Estalla la guerra y Diego es detenido, junto a dos amigos, durante la cruenta toma de Morón por parte de las tropas desleales. Afortunadamente, los dejan en libertad sin cargos a los veinte días, ocasión que el del Gastor aprovecha para emprender una más que conflictiva gira junto a Manuel Vallejo, pronto interrumpida por el nulo entendimiento entre ambos. Y por las bombas que tiraban los fanfarrones, claro.

En 1941 muere Juan Amaya Cortés, padre de Diego, a los 72 años, y será el guitarrista quien quede al cargo de madre y hermanos. Incapaz para los negocios, no podrá evitar el declive económico de la familia, solo amortiguado por la venta de antiguas propiedades inmobiliarias. Los derroteros artísticos, en cambio, apuntan alto. Frecuenta Sevilla, donde, guitarra en mano, dialoga con su admirado Niño Ricardo, en las noches de la Alameda. Imprecisos datos se refieren, también, a un pequeño cupo de actuaciones en salas de fiesta del Madrid de posguerra, en formato
cuadro de la casa, a la vera de Joselero y el bailaor El Quino.

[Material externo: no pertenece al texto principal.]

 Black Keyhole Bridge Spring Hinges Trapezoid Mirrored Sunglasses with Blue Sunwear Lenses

Pepe Naranjo muere en Morón en noviembre de 1955. Diego siempre reconoció en él a un auténtico maestro, y a ambos les unía un insobornable sentido de la independencia, e idéntica alergia a los cauces comerciales del flamenco. El relevo (
“Morón es suelo de guitarristas” decía Diego) estaba asegurado, de maestro a maestro. Un año antes, gordos y sanos, llegaban a España los americanos, asentando en Morón su célebre y marcial base militar. Y con ellos, Donn Pohren, auténtico impulsor de la leyenda de Diego del Gastor.

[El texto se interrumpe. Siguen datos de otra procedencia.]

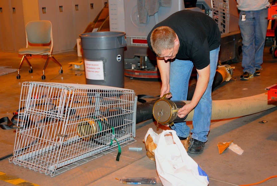 Paul Stetson, a logistics specialist with the 99th Regional Support Command, inspects a hose before connecting it to an improvised cage filter, on November 4 at Fort Dix, New Jersey. Stetson and his team constructed 20 filters from shopping carts donated by the Fort Dix Commissary. The filters and pumps will help remove water from flooded roadways and subways as a result of Hurricane Sandy.#

Pohren acondiciona una antigua finca a las afueras de Morón y en 1965 establece allí una especie de selecta residencia para sus compatriotas adinerados, donde ofrece fiestas flamencas de tronío. Desfila por allí lo mejorcito de la comarca: Fernandillo, Anzonini, Joselero, su hijo Andorrano, Talega, Manolito de María, la Fernanda y, naturalmente, Diego. Es, de hecho, el auténtico aglutinador de las reuniones, junto a sus sobrinos Juan y Paco del Gastor, y pronto, debido a su carisma y al inestimable apoyo de Porren, adquirirá entre los yanquis un estatus de
gurú. Le acribillan a fotos y graban con devoción cada sonido que brota de su guitarra. Estos americanos de la Base, en expresión de Ricardo Pachón, serían, sin saberlo, los últimos señoritos andaluces. De ahí las innumerables cintas piratas que circulan por esos mundos con los sonidos de Diego. De ahí, también, el hermoso homenaje de esa escuela de música que lleva, en Nueva York, el nombre de Diego del Gastor. Y los inapreciables documentos gráficos de William Davidson y Steve Kahn que aparecen en el volumen biográfico que acompaña al disco editado por El Flamenco Vive.

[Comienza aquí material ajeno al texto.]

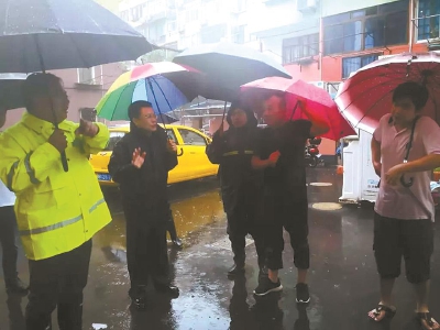 莫听穿林打叶声,何妨吟啸且徐行。竹杖芒鞋轻胜马,谁怕?一蓑烟雨任平生。——《定风波》苏轼 戴着“最强”的头衔,8月,“风王利奇马”嘶吼而至。暴雨倾盆,狂风呼啸。风雨笼罩中的斜土社区,却有一群这样的人,竹杖芒鞋、一蓑雨衣,直面风雨、挺进风雨、穿越风雨、抗击风雨,唯愿——家园平安。他们是——“守土人”。 “风王”利奇马档案 8月8日17时,受今年第9号台风“利奇马”影响,上海市风力逐渐加大,上海中心气象台发布台风蓝色预警,全市启动防汛防台四级响应。9日13时,升级为台风黄色预警,并启动防汛防台三级响应,同日18时,发布台风橙色预警,并启动二级响应。 全市高挂台风橙色、暴雨橙色、雷电黄色预警,9日下午15时开始,全区普降暴雨,到10日晚23时,台风越过本市同纬度,风雨影响减弱,防汛防台二级响应降至三级,直至11日上午10时终止防汛防台应急响应。 斜土人抗击台风实录 ●定风实录·数据 从8月9日起,3天2夜近65小时的抵御台风“利奇马”任务,斜土街道防汛指挥部安排值班值守近800人次,抢险待命人员462人;出动巡查780人次,出动抢险400余人次,转移人员207人(其中工地工人200人,居民7人),排查并处置安全高空坠物350个、其他安全隐患96个;加固修枝树木30余棵,加固拆除店招店牌35块;处理倒伏树木32棵,快速处置居民家中轻微进水23户及7条道路(大木桥路、小木桥路、茶陵路、枫林路、瑞宁路、中山南二路、龙腾大道)积水。台风期间,斜土地区整体平稳有序。 ●定风实录·未雨绸缪 “全力以赴,守护家园!” 斜土街道召开9号台风“利奇马”防御工作动员部署会。街道办事处副主任、防汛指挥部副总指挥黄根选专题部署防台方案,街道办事处主任街道办事处主任、防汛指挥部总指挥王万金做动员讲话。在建工地、应急抢险队伍、各小区物业负责人及相关防汛成员单位、部门负责人共120人参加会议。 党政班子领导带领检查人员对辖区内在建工地等重点单位开展防台防汛检查工作,实地察看各工地人员、机械的撤离情况,督促各单位加强值班值守,明确、压实地下工地、排洪防洪沟重点部位、施工塔吊、脚手架、高空物体等设备、物资的管理责任。 经充分排摸,依据《斜土街道2019年防台防汛应急预案》,街道党政班子领导带领职能部门对上海建工七建集团共128名农民工、肇清居委5名居民、日五居委2名居民进行紧急疏散安置。在大木桥路461号(社区文化活动中心)和医学院路52号两个应急避险疏散点,居民群众得到了街道妥善准备的基本生活物资保障及食宿安排。 在居民区,街道各居委展开行动,居委干部撑着伞、披上雨衣、手持喇叭便走进小区,挨家挨户上门宣传告知台风防范措施。“台风要来了,请各位居民注意安全,花盆切勿放在室外,门窗一定要关紧”…… 各小区防台防汛物资全部到位,居委干部、物业工作人员等连夜将防台防汛设施布置完毕,构筑起一道道安全屏障。 ●定风实录·现场直击 “守土有责,守土尽责!” 清晨,茶陵北路一株高约10米,胸径约60公分老榆树发生倒伏,压住路面高压线及通讯线。街道党工委书记章红兵、街道办事处主任王万金,街道办事处副主任黄根选第一时间组织开展抢险工作。区委常委、副区长王宏伟,副巡视员冯上达,区建管委主任罗鹏翀,区绿化市容局局长王缨,区应急管理局局长何鹤,徐房集团董事长华茂到现场察看并指导工作。 街道领导带领工作人员到瞿溪路、茶陵路等辖区重点区域察看店招店牌处理情况。 地区雨势最大时,斜土某小区发生外墙皮脱落,街道办事处主任王万金、街道办事处副主任黄根选赶到现场指挥处置险情。 “守土有责,守土尽责!”在居民区,居委干部和平安志愿者们冒着风雨,在小区的角角落落巡查,发现隐患第一时间处理、报告。 社区的“蓝精灵”“白衣天使”“平安橙”们,在街头巷尾、小区内外、医疗一线守护着社区平安,为居民“保驾护航”,他们是守护斜土的“彩虹”。 深夜,街道防汛指挥部灯火通明,各居委对应急响应队伍实地“点兵”。 深夜,瑞宁路凯滨路交叉口发生150米围墙倒伏,大木桥路发生树木倒伏,街道办事处主任王万金、副主任黄根选赶到现场指挥抢险工作。 深夜的居民区,一束束透亮的灯光在风雨中格外醒目,那是值守巡查的居委干部、志愿者在守护万家灯火…… ●定风实录·雨过天晴 “岁月静好,只因有你们!” 8月11日上午10时,风雨影响减弱,直至终止防汛防台应急响应。雨后的斜土社区,恢复了往日的生机活力。蓝天白云间,明媚的日光扫除了连日的阴霾。热土不语,却真实地记录下了斜土守护人的点点滴滴。岁月静好来之不易,幸福的是总有一群这样的守护者,为社区长安、百姓乐业负重前行。

La vida de Diego del Gastor se apaga en Morón el 7 de julio de 1973. Un año antes, mientas grababa para televisión aquellos episodios de
“Rito y Geografía del Cante”,  el Estado, a instancias de la Cátedra de Flamencología de Jerez, le otorgaba el Premio Nacional de Flamenco en la modalidad de Enseñanza; no se molestó en acudir a Madrid a recogerlo. Poseía ya, al fin y al cabo, el mejor y más perdurable de los premios: el prestigio, y gozaba del respeto de un nutrido grupo de alumnos extranjeros, que literalmente peregrinaban a Morón en su busca, para intentar mirarse en el espejo de su ejemplo. Sus sobrinos, Juan, Paco, Dieguito, perpetuaban ya su obra, ojo, sin fosilizarla.

Aquella España que empezaba a salir del letargo, seguía ignorando su talento, salvo un pequeño reducto. Y lo más gracioso es que, encima, no se enteraban de que el mundo entero, mientras tanto, había convertido a Diego en su paisano.


                                                                                                       ANTONIO VALENTIN

Miembro de la Asociación Cultural Triste y Azul, Cabales en la Red.